◆ WHAT THE TASK REQUIRES ◆
Look below for the line with "임시로 운영되는 주차장은" and the line with "Spacious and very". Copy exactly those two lines and every line between, but not the pictures.

◆ Dataset records ◆
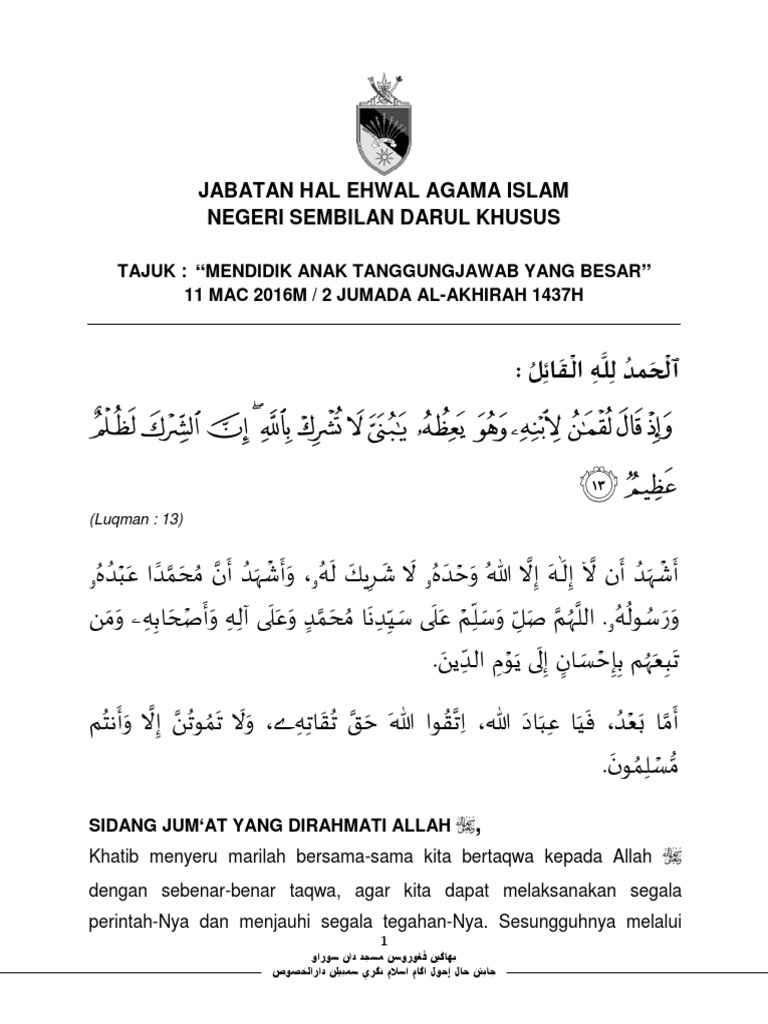 No Title Created Date Download. Sebarang pertanyaan lanjut berkaitan Khutbah Jumaat boleh diajukan ke. Bab inama pendiri dan tempat kedudukan pasal.
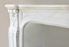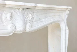 Dit 19e-eeuwse meesterstuk in Carrara marmer verenigt Franse elegantie met tijdloze rust. De zacht golvende bovenregel en het centrale schelpornament (rocaille) maken de schouw tot een architecturaal middelpunt. Met haar serene wit en fijne adering brengt zij licht en waardigheid in elk project – van historisch herenhuis tot modern minimalistisch interieur.
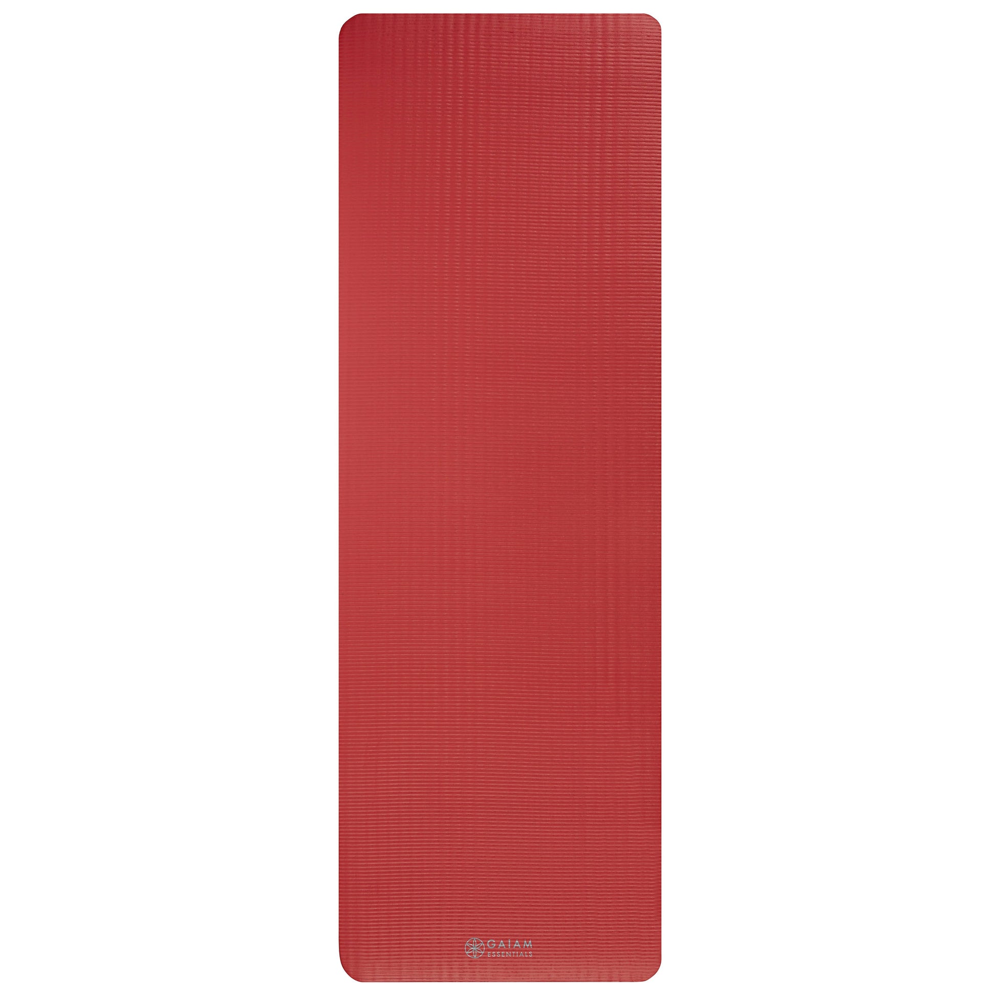 Get the ultimate comfort, support and style during any exercise with these 10mm thick Gaiam Essentials Fitness Mat. With non-slip ridges for superior traction, you will stay put during ab work, toning, stretching, and more while using our fitness mat. This mat also comes with a nylon carry strap for easy portability.
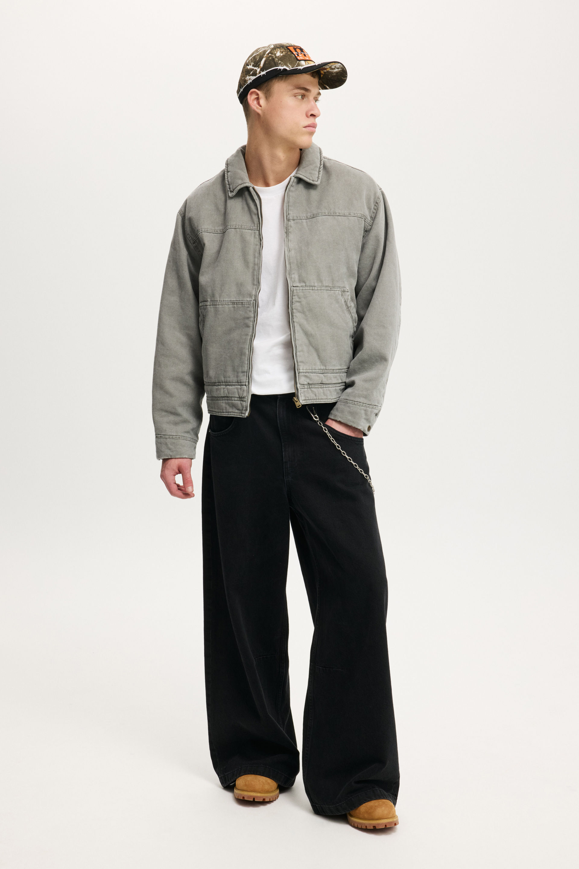 This cropped worker jacket brings just the right mix of rugged and cool. Easy to throw on, hard to forget. Whether you're out for a walk or catching a late-night drink, it’s got that laid-back look that does more than just keep you warm.
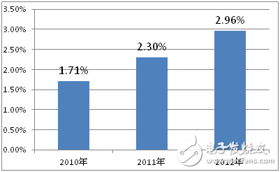 该现状的出现,直接促进了国内智能家居行业在2012年阶段的强力发展。据国际物促会(IIPA)的市场调研数据显示,2012年中国智能家居系统在新房市场的渗透率已经达到2.96%,较2010年的1.71%增加了1.25个百分点。
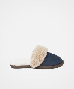 Grosgrain trims add a touch of texture around the indoor/outdoor sole, and the fluffy inner takes pride of place at the turnback cuff.
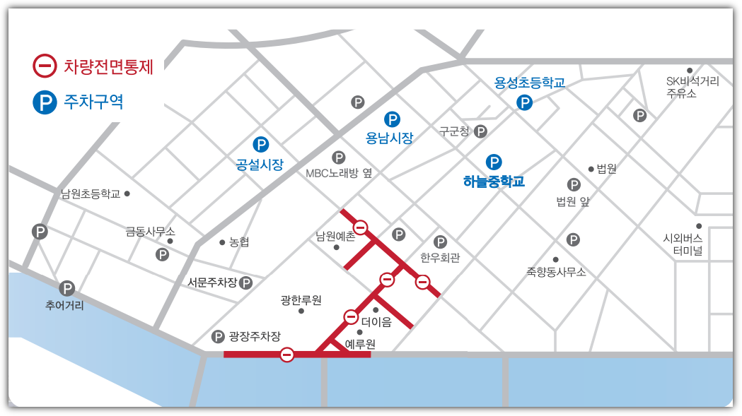 임시로 운영되는 주차장은 용성초 / 하늘중 / 추어 3가 ~ 금동 A / 노암동 / 함파우 / 부영 5차 / 남진빌라 등입니다. 용성초와 하늘중은 26일부터 주차가 가능하다고 하구요,
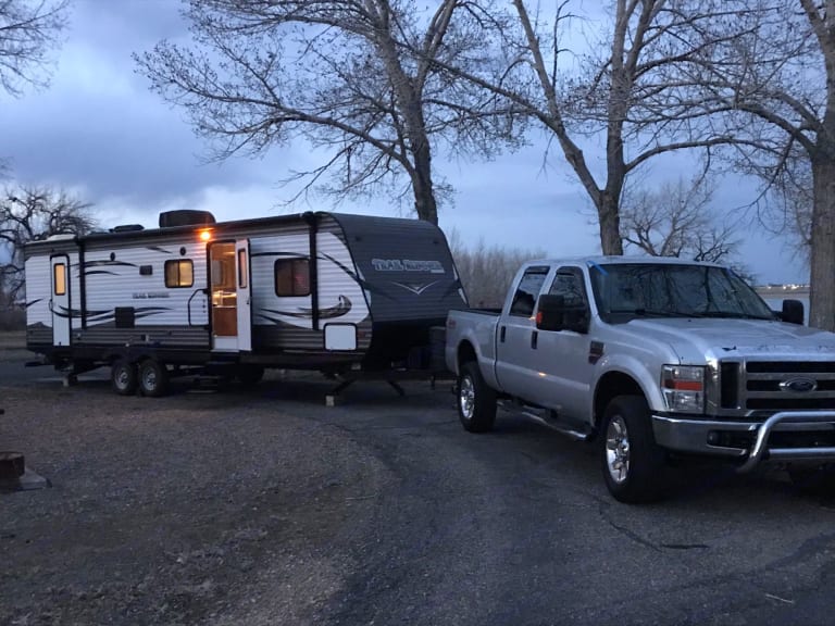 Spacious and very clean family friendly trailer with a large slide, two full bunks, queen in separate master, dinette conversion and fold down sofa. Must have vehicle capable of towing this trailer weight and must have trailer breaks in the tow vehicle. Can supply a equalizer hitch upon request. Fits standard two in receiver. Trailer is a 2 5/16 ball. Can supply a basic generator for an additional $50 per night. Will run lights and fridge and tv. Won’t run ac
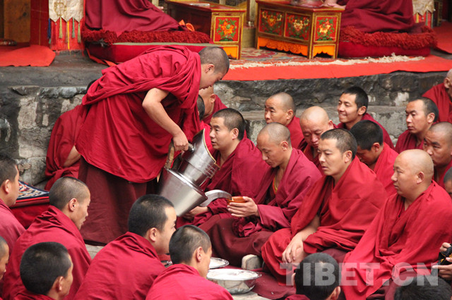藏族社會的飲茶之風(fēng),從藏傳佛教寺院僧眾一天的生活中也能窺見一斑。通常僧人們每日集體飲三次茶,即在早、中、晚三個(gè)時(shí)間段的誦經(jīng)禮佛活動后,由寺院統(tǒng)一熬茶分給他們喝。特別是在舉行法事活動的時(shí)候,僧人飲茶就表現(xiàn)得更為明顯:每當(dāng)舉行法事儀式時(shí),莊重肅穆的經(jīng)堂內(nèi),僧人們誦讀經(jīng)文。待斟茶之際,眾僧從自己懷里取出隨身攜帶的茶碗放在跟前,就有專門負(fù)責(zé)司茶的年輕僧人提著茶壺給眾僧斟茶。
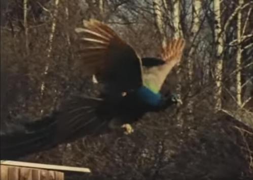 I had no idea peacocks flew, I thought they were flightless.
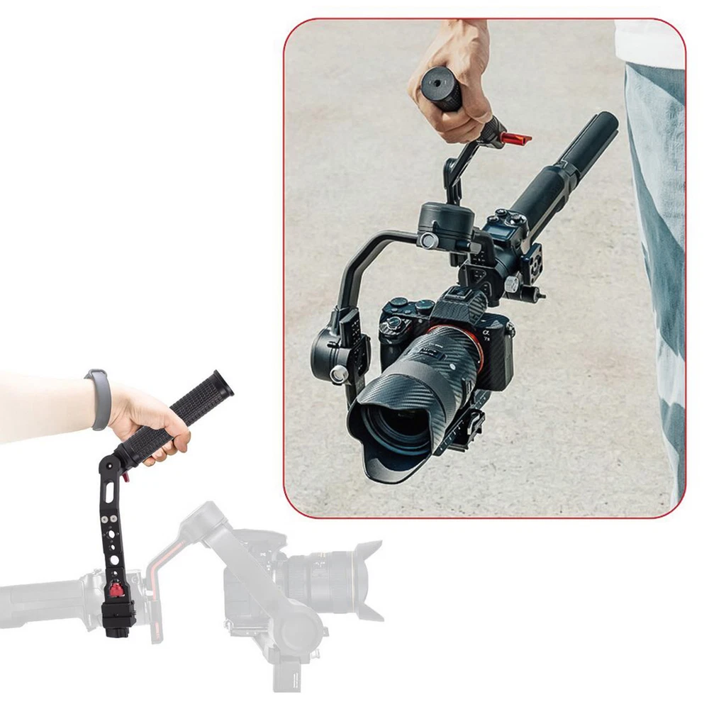 Features: 【Sling Handle for Gimbal Stabilizer】Specially designed for DJI 2/ RSC 2/ 3 / 3 / 3 gimbal stabilizer, this sling handle can greatly reduces the burden of your hand and make it easier to record videos from low angle. 【Quick Installation and Quick Release】The sling handgrip is mounted to gimbal via the clamp, easy to install and quick to release. It is also equipped with a locking knob to lock the clamp tightly and a spring bolt on the clamp to accidental loosening and falling of your gimbal. 【Convenient Accessories Expansion】The gimbal sling handle has two 1/4 inch thread, 3/8 inch thread with locating holes, and cold shoe mount, which enable you to add a wide of accessories, including , video , microphone, etc. 【 and Comfortable】Covered with a rubber pad on the surface, the gimbal sling handgrip offers you a comfortable handheld experience. 【 and Flexible】Made of alloy material, the gimbal sling handle is lightweight and . With a rosette joint, the gimbal handgrip is able to 360° rotate, more flexible to use. Specifications: Material: Alloy Item Weight: 265g/ 9.3oz Packing List: 1 * Sling Handle
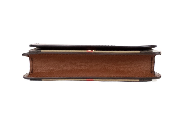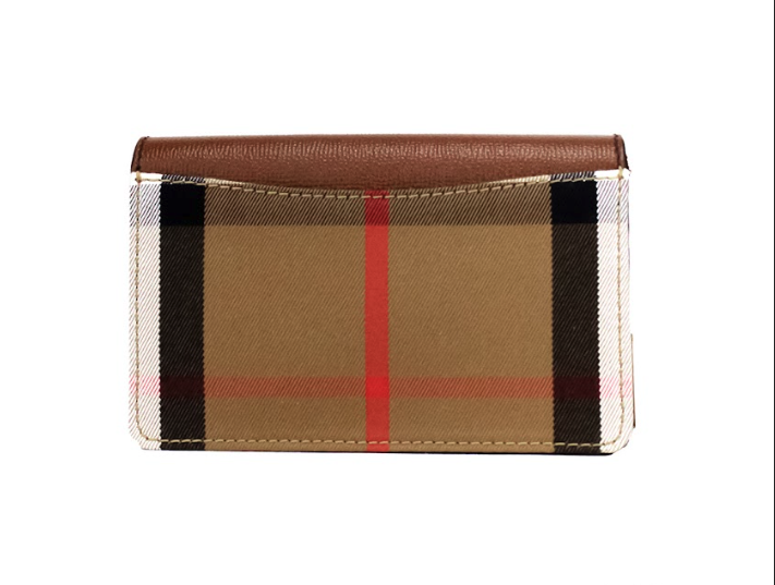Burberry Hampshire Small House Check Canvas Tan Derby Leather Crossbody Bag

◆ OUTPUT BELOW ◆
 임시로 운영되는 주차장은 용성초 / 하늘중 / 추어 3가 ~ 금동 A / 노암동 / 함파우 / 부영 5차 / 남진빌라 등입니다. 용성초와 하늘중은 26일부터 주차가 가능하다고 하구요,
 Spacious and very clean family friendly trailer with a large slide, two full bunks, queen in separate master, dinette conversion and fold down sofa. Must have vehicle capable of towing this trailer weight and must have trailer breaks in the tow vehicle. Can supply a equalizer hitch upon request. Fits standard two in receiver. Trailer is a 2 5/16 ball. Can supply a basic generator for an additional $50 per night. Will run lights and fridge and tv. Won’t run ac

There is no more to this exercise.